Gladstone Institute of Data Science and Biotechnology, San Francisco, CA, USA.
Environmental Genomics and Systems Biology Division, Lawrence Berkeley National Laboratory, Berkeley, CA, USA.
PLoS Comput Biol. 2018 Aug 9;14(8):e1006242. doi: 10.1371/journal.pcbi.1006242. eCollection 2018 Aug.

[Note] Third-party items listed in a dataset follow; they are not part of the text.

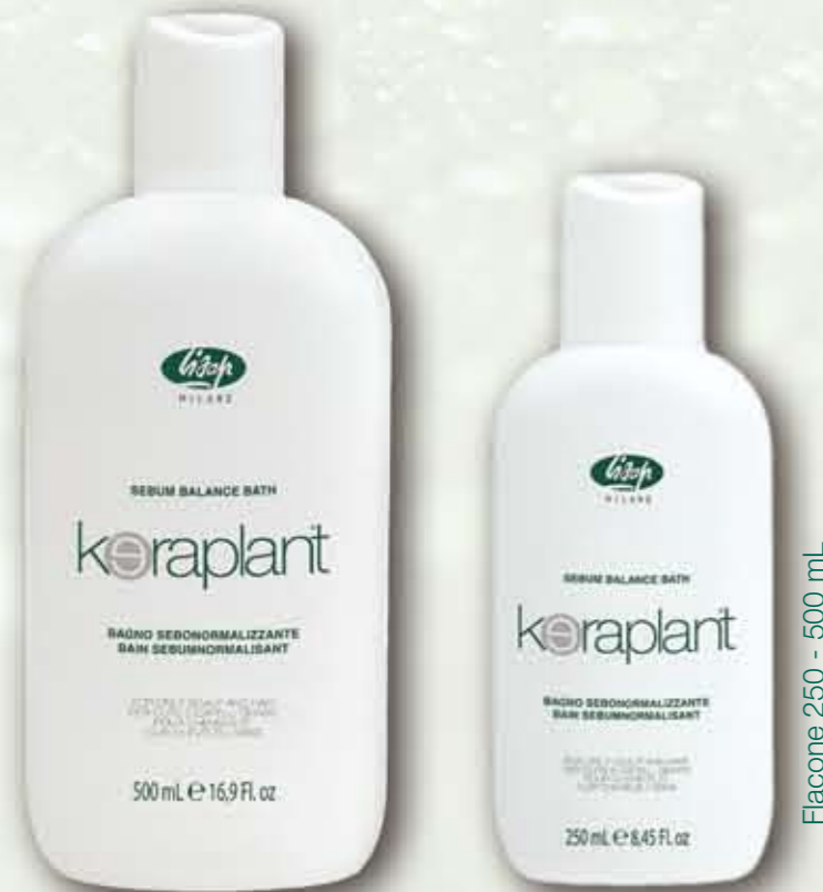
Fiacone 250 - 500 mL

E' ideale per un utilizzo regolare, per lavare efficacemente ma con estrema dolcezza, eliminando microrganismi, riequilibrando il cuoio capelluto ritardando la ricomparsa del sebo.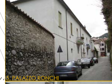
5. PALAZZO RONCHI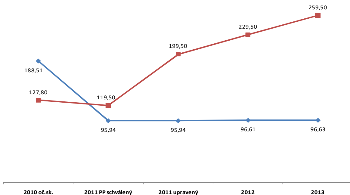
Graf Vývoj výnosov z poplatku za ŽI a úhrady fixnej časti EON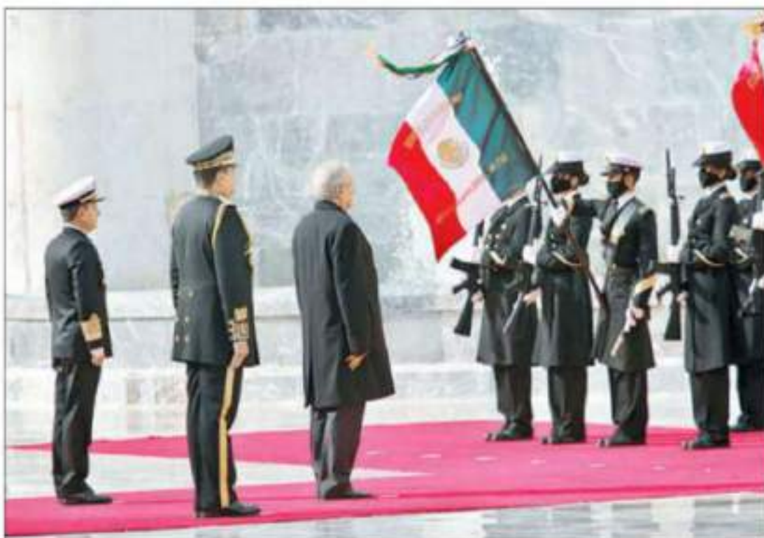
A. El presidente Andrés Manuel López Obrador encabezó ayer la ceremonia de homenaje a los Niños Héroes de Chapultepec en el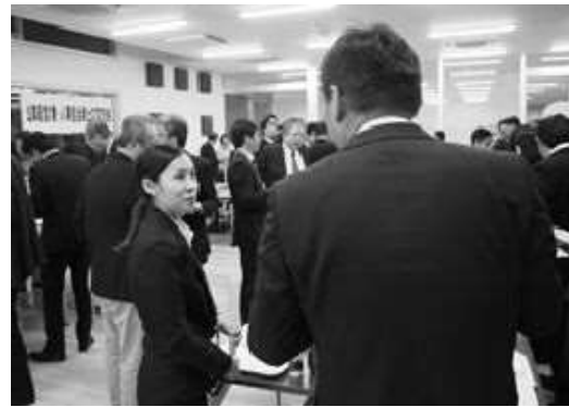
企業経営者及び人事担当者と留学生の交流会の様子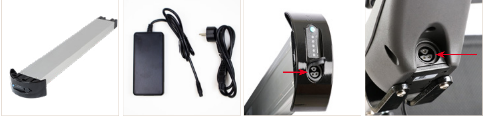
Abbildung 1: Akku des ergoflix®LX und mit dem dazugehörigen Ladegerät und Anschlüssen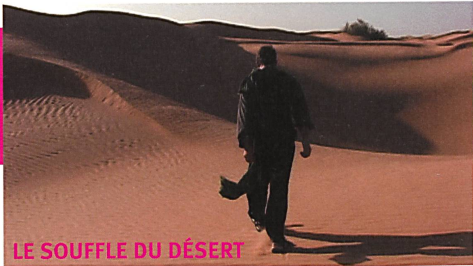
LE SOUFFLE DU DÉSERT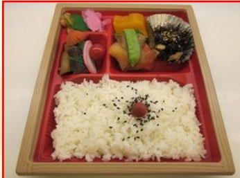
特製 和風弁当 ¥600 (税込)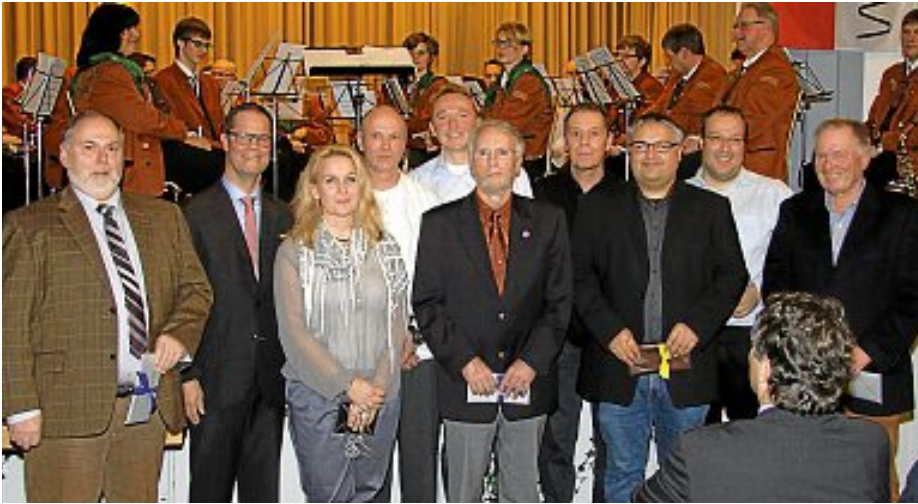
Mitglieder der Internetgruppe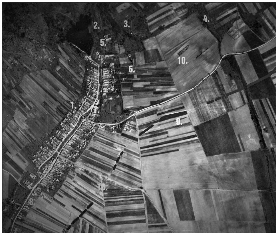
1. kép: Második világháborús erődítési munkálatok nyomai Bozsok térségében egy 1958-ban készült légi fotón

1. Bozsok település, 2. Bozsok-patak, 3. Holt-hegy, 4. Gula-völgy, 5. Sibrik-kastély, 6. Pajta, 7. Szent Anna-templom, 8. Szent József-kápolna, 9. Második világháborús erődítések (harckocsi-árkok), 10. Munkaszolgálatosok és kényszermunkára elhurcoltak temetési helyei (1944–1945).

The mechanisms by which different microbes colonize the healthy human gut versus other body sites, the gut in disease states, or other environments remain largely unknown. Identifying microbial genes influencing fitness in the gut could lead to new ways to engineer probiotics or disrupt pathogenesis. We approach this problem by measuring the statistical association between a species having a gene and the probability that the species is present in the gut microbiome. The challenge is that closely related species tend to be jointly present or absent in the microbiome and also share many genes, only a subset of which are involved in gut adaptation. We show that this phylogenetic correlation indeed leads to many false discoveries and propose phylogenetic linear regression as a powerful solution. To apply this method across the bacterial tree of life, where most species have not been experimentally phenotyped, we use metagenomes from hundreds of people to quantify each species' prevalence in and specificity for the gut microbiome. This analysis reveals thousands of genes potentially involved in adaptation to the gut across species, including many novel candidates as well as processes known to contribute to fitness of gut bacteria, such as acid tolerance in Bacteroidetes and sporulation in Firmicutes. We also find microbial genes associated with a preference for the gut over other body sites, which are significantly enriched for genes linked to fitness in an in vivo competition experiment. Finally, we identify gene families associated with higher prevalence in patients with Crohn's disease, including Proteobacterial genes involved in conjugation and fimbria regulation, processes previously linked to inflammation. These gene targets may represent new avenues for modulating host colonization and disease. Our strategy of combining metagenomics with phylogenetic modeling is general and can be used to identify genes associated with adaptation to any environment.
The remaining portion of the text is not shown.